Nos enseignants devraient être formés aux enjeux européens. C'est le moyen de redonner du sens à l'Union européenne et d'affronter la concurrence mondiale : ce n'est pas un hasard si l'Union s'est engagée dans la voie de l'économie de la connaissance. La recommandation 1833 de l'Assemblée parlementaire du Conseil de l'Europe sur l'enseignement des littératures européennes est plus que jamais pertinente.
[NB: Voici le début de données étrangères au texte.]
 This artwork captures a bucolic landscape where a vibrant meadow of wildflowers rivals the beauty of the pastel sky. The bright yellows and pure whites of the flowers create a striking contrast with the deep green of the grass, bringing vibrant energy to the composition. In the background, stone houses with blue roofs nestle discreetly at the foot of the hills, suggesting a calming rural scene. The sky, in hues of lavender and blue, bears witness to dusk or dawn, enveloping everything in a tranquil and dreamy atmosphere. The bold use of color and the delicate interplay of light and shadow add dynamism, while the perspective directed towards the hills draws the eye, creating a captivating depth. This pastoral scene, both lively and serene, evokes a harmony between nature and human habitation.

J'appelle aussi de mes voeux un « Erasmus pour tous » rassemblant toutes les actions éducatives européennes -c'était le sens de la résolution européenne adoptée à mon initiative par le Sénat en avril 2012.
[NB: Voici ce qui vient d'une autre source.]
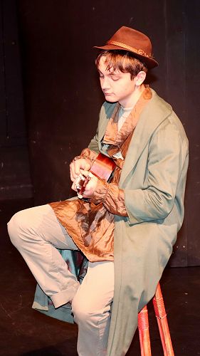 Morgan Bradley’s brief was to give us a hippy musician - so laid back as to be horizontal. Nick Dewhurst was a strongly voiced, powerful and dark Orsino, truly “In nature as in name”, who softens noticeably when he realises Cesario is a woman. Ethan Barratt had a difficult role to fulfil, Orsino’s gentleman, Valentine, and the officer arresting Antonio. On the one hand, Valentine knows that the news from Olivia will be painful to him, but he must be powerful to arrest Antonio.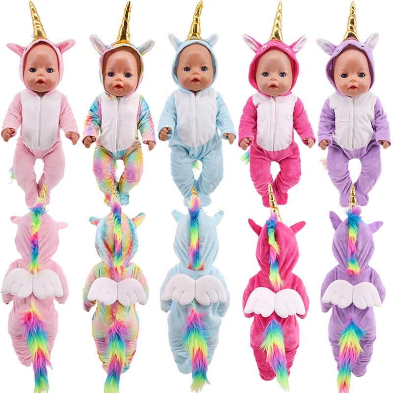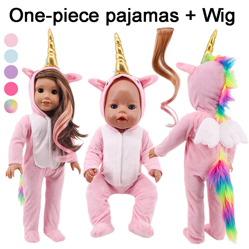 Единорог милый цельный Пижама + парик для 18 дюймов американский и 17 дюймов 43 см Born Baby Кукла Одежда Аксессуары поколение русская игрушка DIY

Les futurs enseignants doivent aussi maîtriser parfaitement les outils numériques. Une option informatique ne suffit pas. (Mme Marie-Christine Blandin, présidente de la commission de la culture, approuve) Pourquoi les Éspé ne prépareraient-elles pas au certificat informatique et internet de niveau 2 ? Les initiatives sont nombreuses -il faut saluer celle de Clermont-Ferrand- et les moyens proviennent surtout des collectivités territoriales. Une meilleure coordination serait utile, au niveau local comme au niveau national, pour diffuser les bonnes pratiques.
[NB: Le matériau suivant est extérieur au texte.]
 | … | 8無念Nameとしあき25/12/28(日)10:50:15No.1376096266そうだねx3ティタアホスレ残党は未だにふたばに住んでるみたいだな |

Monsieur le ministre, quels seront les objectifs des futurs espaces Canopée ? À quelle hauteur le Gouvernement envisage-t-il de financer des projets numériques innovants dans le cadre du programme d'investissements d'avenir ?

Les MOOC sont en voie d'expansion, qui s'adressent à des publics divers et autorisent l'interaction avec les enseignants. Les futurs maîtres devraient y être formés. L'enseignement à distance doit aussi être valorisé pour faciliter la reconversion professionnelle ou la remise à niveau. L'académie de Créteil, à Melun et Torcy, a mis en place un tel enseignement pour préparer au concours de professeur du premier degré. Dans le domaine en pleine ébullition de la formation des enseignants, les initiatives mériteraient d'être encouragées. Si certains craignent le retour des IUFM, je reste convaincue que la formation des maîtres est indispensable pour faire reculer l'échec scolaire. Le Gouvernement doit en outre mener une politique de revalorisation du métier d'enseignant ; inspirons-nous de la Finlande, qui a su faire accéder la profession à la reconnaissance.

J'espère que nos travaux contribueront à la réflexion pour une mise en place harmonieuse des Éspé, structure d'un enseignement moderne. (Applaudissements au centre, à droite et sur les bancs écologistes)

Mme Françoise Férat . - La question de la formation des enseignants du premier degré, primordiale, commande d'agir avec responsabilité. Par la loi du 8 juillet 2013, les Éspé ont remplacé les IUFM. L'esprit de cette réforme est louable, mais la précipitation de sa mise en oeuvre, à marche forcée, a eu des effets...

Mme Marie-Christine Blandin, présidente de la commission de la culture. - Ah non, c'était une bonne soirée !

Mme Françoise Férat. - Attendez un peu... Notre mission d'information a fait des propositions, notamment sur le continuum des cursus, qui, je l'espère prospéreront. La licence ne doit pas être une étape désolidarisée au sein des cursus. Le M1, quant à lui, doit être professionnalisant ; on observe encore un hiatus pédagogique entre le contenu académique et professionnel des enseignements.

Nous appelons de nos voeux, avec Mme Gonthier-Maurin, l'innovation pédagogique. Elle passe par une meilleure intégration des personnalités extérieures, du numérique -on a, avec raison, beaucoup cité l'exemple de l'Éspé de Clermont-Ferrand. Réfléchir au statut des étudiants en M1 qui ont échoué au concours est une nécessité.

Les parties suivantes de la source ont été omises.